Егор представил себе унылую толпу потомков, которые ходят и шарят по столам непризнанных гениев в поисках шедевров, и ему стало грустно. Почему-то захотелось самому оказаться в толпе потомков и пошарить в собственном столе: уж он-то будет наверняка знать, где шедевр, а где дерьмо.

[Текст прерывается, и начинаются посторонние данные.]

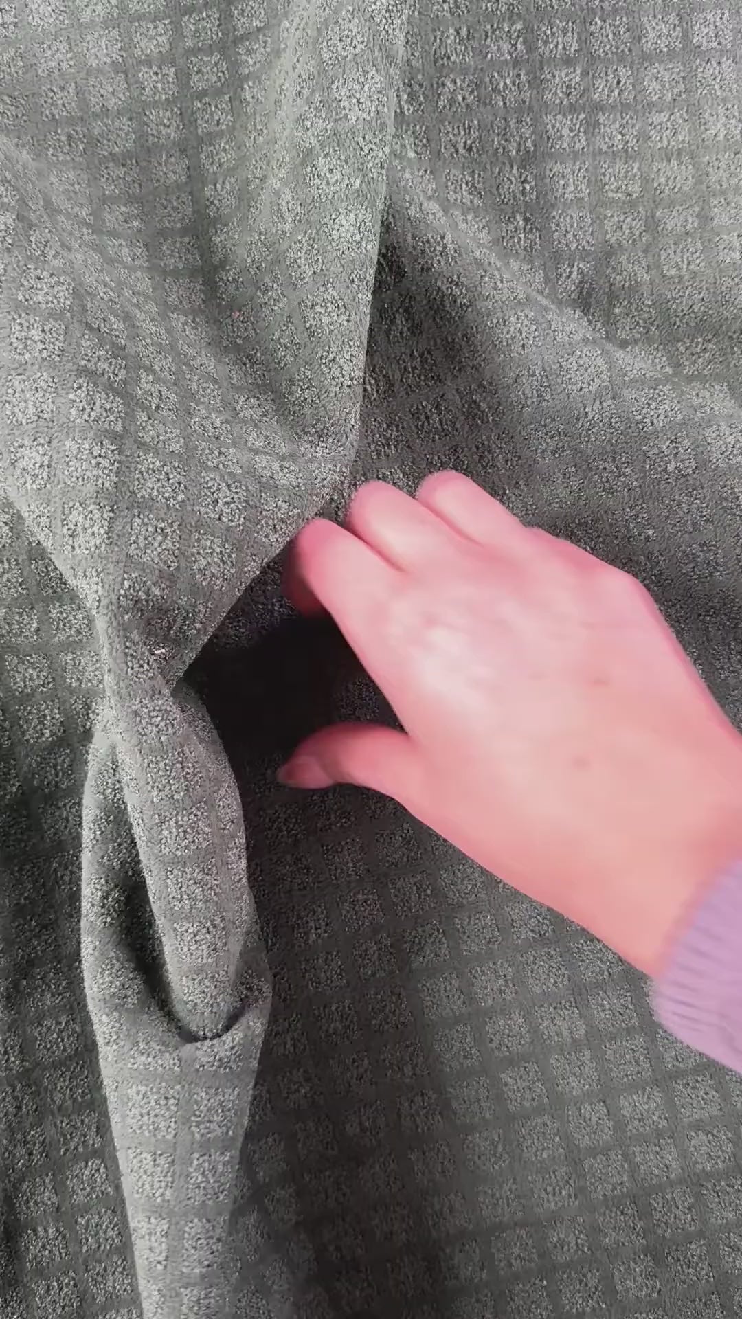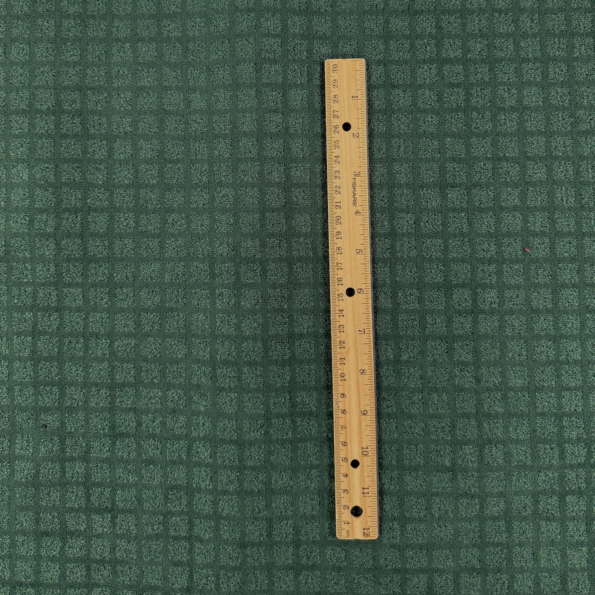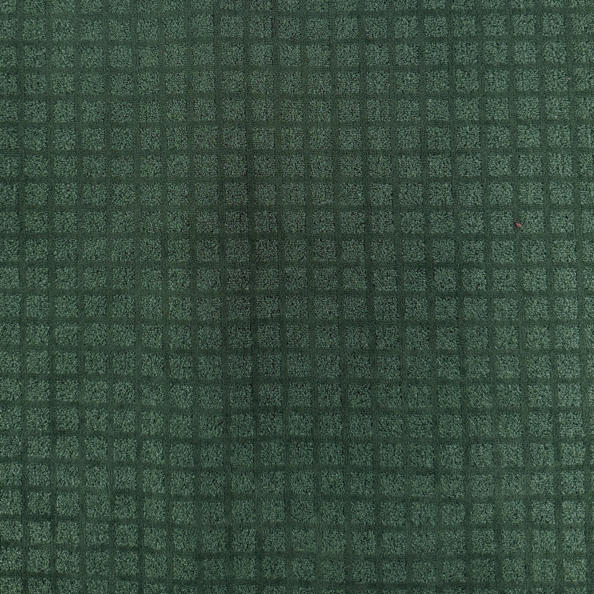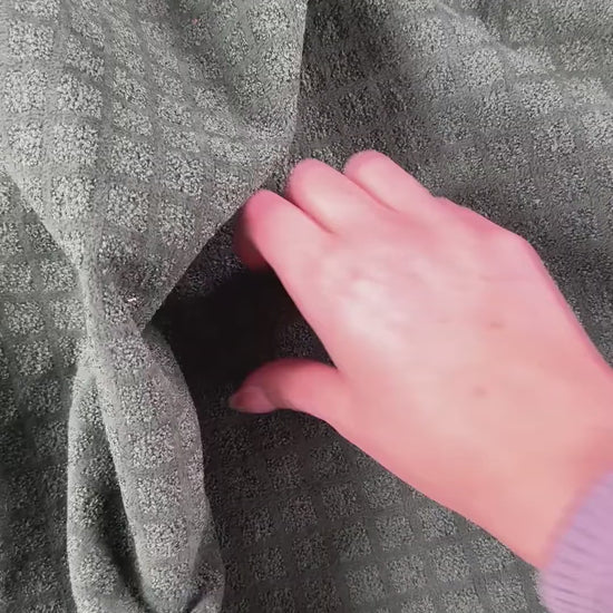 A heavy weight upholstery fabric in green featuring a check pattern and velvety finish. Suitable for homewear such as cushions, reupholstering, etc. Can also be used for heavier coats and jackets.

— Удивительные времена мы переживаем, — вдруг горячо заговорил Егор, — вроде бы какие-то ненастоящие времена, игровые. Чем чаще я сталкиваюсь с людьми, тем чаще в этом убеждаюсь.

— Да, да, вы правы, — с подлинным чувством подтвердил Кошлокин. — Прямо-таки несуразные времена вы переживаете. Настоящему таланту страшно оказаться в среде бездарности, завистников, карьеристов, подхалимов, лакировщиков.

— Вы полагаете, что-то может измениться? — спросил Егор.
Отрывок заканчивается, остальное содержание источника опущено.